The most common fakes tend to be the most popular medicines: Painkillers, antibiotics to treat infection, anti-malarials, anti-retrovirals, sexual stimulants, or weight loss medications
At the end of a long day, you realise you’re starting to get a headache. So you buy painkillers from the street vendor, and take two. But how do you know what those pills really are? The vendor isn’t a pharmacy. There’s no package insert listing ingredients or dosage instructions. What if you’ve just tried to treat your headache with counterfeit medicine?
The term “counterfeit medicine” refers to medicines that are deliberately and fraudulently falsified or mislabelled. Also called sub-standard or falsified medicines, they would have failed to pass the quality measurements and standards which are approved by medicine regulatory authorities. They aren’t to be confused with generic medicines — those are cheaper, but still scientifically proven to be safe and efficacious versions of patented medicines.
The most common fakes tend to be the most popular medicines: Painkillers, antibiotics to treat infection, anti-malarials, anti-retrovirals, sexual stimulants, or weight loss medications.
Counterfeit medicines are a huge problem in many African countries. Research has shown that many developing countries have a high prevalence of substandard medicines. For instance, up to 88.4% of antimalarials in some African markets have been reported as being fake. Using ineffective medicines causes between 64,000 and 158,000 deaths from malaria every year in sub-Saharan Africa.
Giving people medicine that won’t work or isn’t made properly is obviously dangerous. Over 250,000 children worldwide die from these medicines each year. In the past year alone more than 300 children died after ingesting counterfeit cough or pain syrups.
Work is underway to strengthen governments’ surveillance of counterfeit medicine. For instance, in many African countries pharmacists are being trained to create awareness of such medicines and their possible infiltration into the medicine supply chain. This will make them better prepared to detect fake medicines and share information with their patients.
However, educating the end users of medicines — the patients — is the most important pillar of safe medicine use. Consumers must know how to visually inspect medicines for expiry dates and other identification markers. Being able to tell the difference between a good quality medicine and a fake one can make the difference between life and death.
As a pharmaceutical expert, I want to share my advice on three steps to take to spot a fake.
First, buy your medicines from licensed retail shops, pharmacies and dispensaries - they should display their licences on their walls. Pharmacists and their assistants are trained in the handling of medicines. They’re legally and ethically liable for the medicines under their control. This means they’ll source products through formal medicine channels which are less likely to be infiltrated by fakes.
Pharmaceutical personnel are also involved in their country’s pharmacovigilance system, which monitors the safety of medicines. It’s able to pick up and report serious side effects and injuries which may be caused by medicines. This system makes it possible to remove fake medicines.

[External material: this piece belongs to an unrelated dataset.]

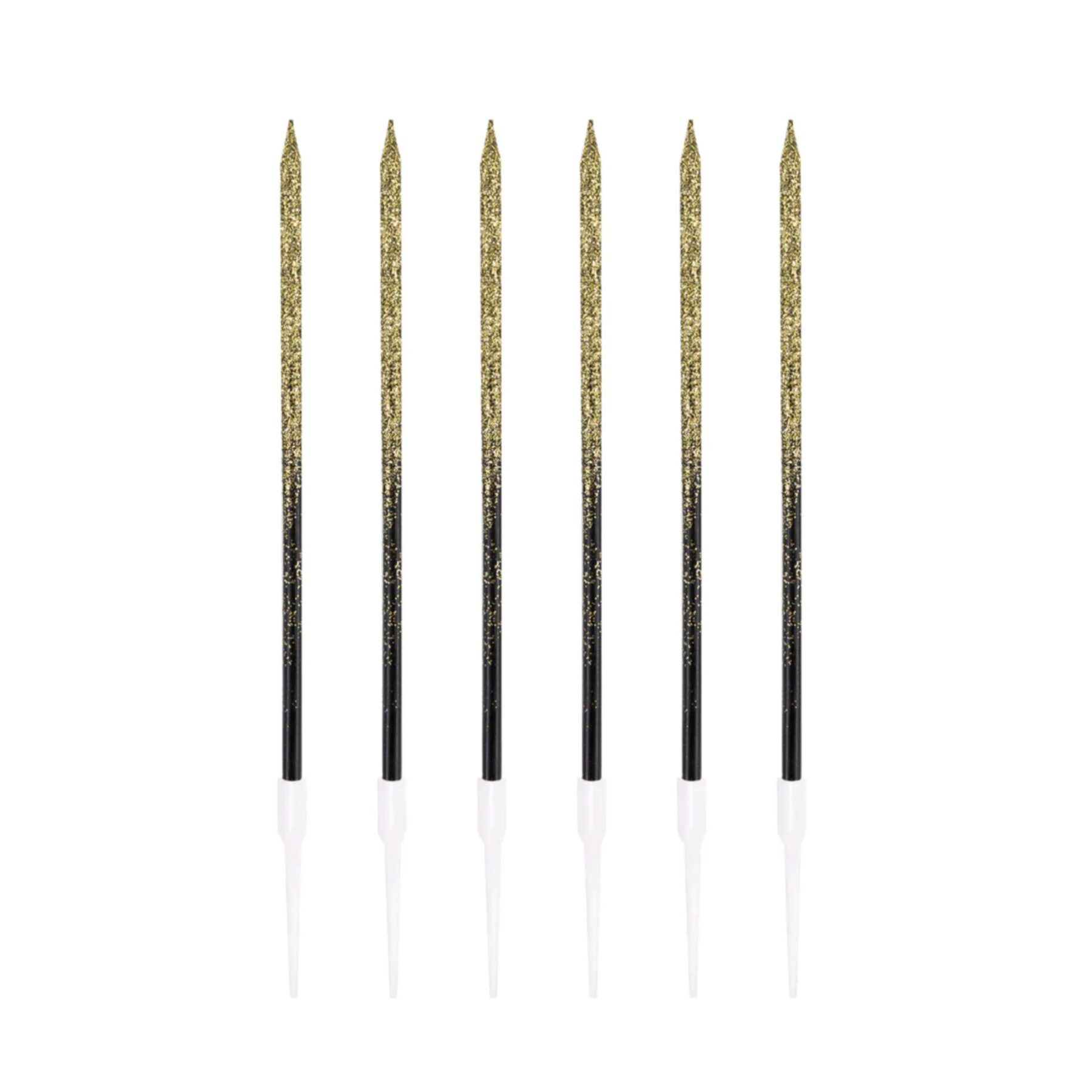 Efektowne świeczki z efektem ombre – górna część świeczki lśni złotym brokatem, który stopniowo przechodzi w głęboką, elegancką czerń. Brokatowy blask i elegancka czerń sprawiają, że świeczki będą idealne na wiele okazji – od urodzin, po rocznice, aż po wesela. Świeczki mają prostą formę i wysokość ok. 13,5 cm, co sprawia, że są uniwersalne i pasują do różnych stylów tortów. W zestawie znajdziemy 6 sztuk czarno-złotych świeczek. Do zestawu dołączone są praktyczne pikery, które umożliwiają stabilne umieszczenie świeczek na torcie.

Do not buy medicines from online pharmacies. In most African countries, there are no legitimate online-only pharmacies. Legitimate online pharmacies should also have a physical presence in the country. Research shows that the internet is the largest source of counterfeit goods as most traders operate outside national borders and national laws governing the quality of medicines and their proper handling.

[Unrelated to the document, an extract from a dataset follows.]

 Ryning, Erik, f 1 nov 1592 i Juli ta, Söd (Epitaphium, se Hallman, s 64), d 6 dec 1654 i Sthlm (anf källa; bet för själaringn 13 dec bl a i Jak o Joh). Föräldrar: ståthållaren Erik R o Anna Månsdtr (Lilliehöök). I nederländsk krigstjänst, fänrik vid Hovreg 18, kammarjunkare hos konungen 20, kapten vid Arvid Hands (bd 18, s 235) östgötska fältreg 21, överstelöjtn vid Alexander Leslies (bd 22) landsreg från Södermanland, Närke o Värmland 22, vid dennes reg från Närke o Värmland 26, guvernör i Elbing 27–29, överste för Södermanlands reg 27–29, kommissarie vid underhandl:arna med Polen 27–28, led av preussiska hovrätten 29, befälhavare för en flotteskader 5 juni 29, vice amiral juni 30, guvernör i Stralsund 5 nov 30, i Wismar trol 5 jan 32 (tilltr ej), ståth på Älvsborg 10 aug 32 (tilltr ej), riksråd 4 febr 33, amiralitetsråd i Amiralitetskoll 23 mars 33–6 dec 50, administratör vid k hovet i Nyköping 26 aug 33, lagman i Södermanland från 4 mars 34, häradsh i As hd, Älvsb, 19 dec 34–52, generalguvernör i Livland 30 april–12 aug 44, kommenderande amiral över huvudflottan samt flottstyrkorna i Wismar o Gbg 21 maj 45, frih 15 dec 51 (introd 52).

Buying medicines from unregulated markets may seem to be cheaper, but it’s extremely risky.
Make sure to visually inspect the medicine’s external packaging.

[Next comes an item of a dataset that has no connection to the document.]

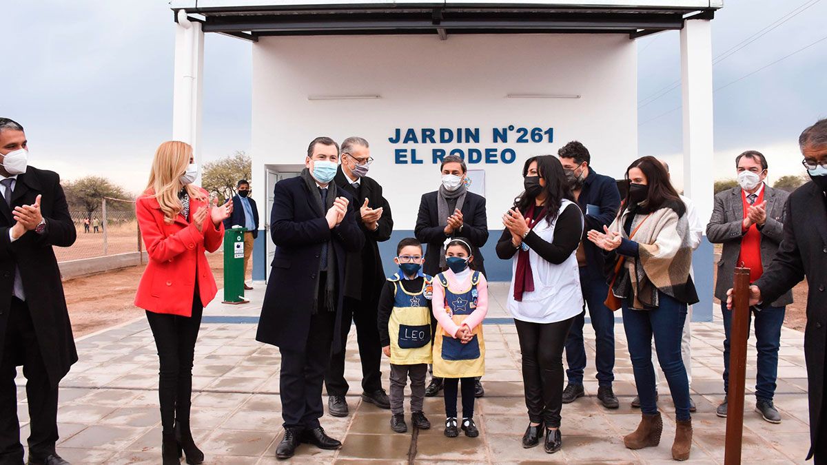 También se construyó el jardín de infantes N° 261 de una sala con sanitarios para alumnos y docentes de 65 m2 con una galería cubierta de 20 m2 y patio de formación, todo fue construido con materiales tradicionales y sistema antisísmico, con cubierta de chapa, cielorraso de PVC, pisos de graníticos y aberturas de aluminio.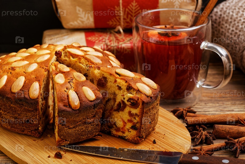 Домашний шоколадный чизкейк с ломтиками миндаля на белом деревянном столе. Вид сверху

It should be labelled with the product name, the details of the manufacturer — such as their name and physical address — and its expiry date. Where possible, check the batch number — this is a serial code which can be used to trace when and where the product was made.
If it’s a product you have used before, try to match it with previous packaging. Take a photograph of the product if you’re using it often for future comparison.
Open the package and ensure that the medication is intact. Tablets, for instance, may be blister-packed. Make sure that the blisters have not been tampered with and the seal hasn’t been broken. The blisters must all look the same and possess an expiry date and the name of the product. If the product is packaged as loose tablets or capsules in a bottle or dispenser packaging, ensure that they look uniform with no obvious discoloration, mottling (the skin of the pills looks marbled), chipping or mould.
Some powder residue in pills is acceptable, but there shouldn’t be too much at the bottom. This could mean the tablets are not well compressed. There should be no smell, for instance of vinegar. Capsules should be shiny and not cracked, sticky or clumped.
Oral liquids are more difficult to assess, but a bad odour or industrial or petrol-like smell is a sign of poor quality. The liquid should be easy to pour into a spoon and come out smoothly without clumps or solid particles. Liquids easily get contaminated with mould or bacteria so the bottle should be well sealed at the point of dispensing and when being used. Any remaining dose should be discarded within a month. Antibiotics should be discarded within seven days of opening if they have not been finished for whatever reason.
If you suspect that your medicine is of poor quality or fake, then you should report it to the clinic, pharmacy or national medicine regulator. Every country in Africa has a national medicine regulatory authority either as an independent agency or within the health ministry.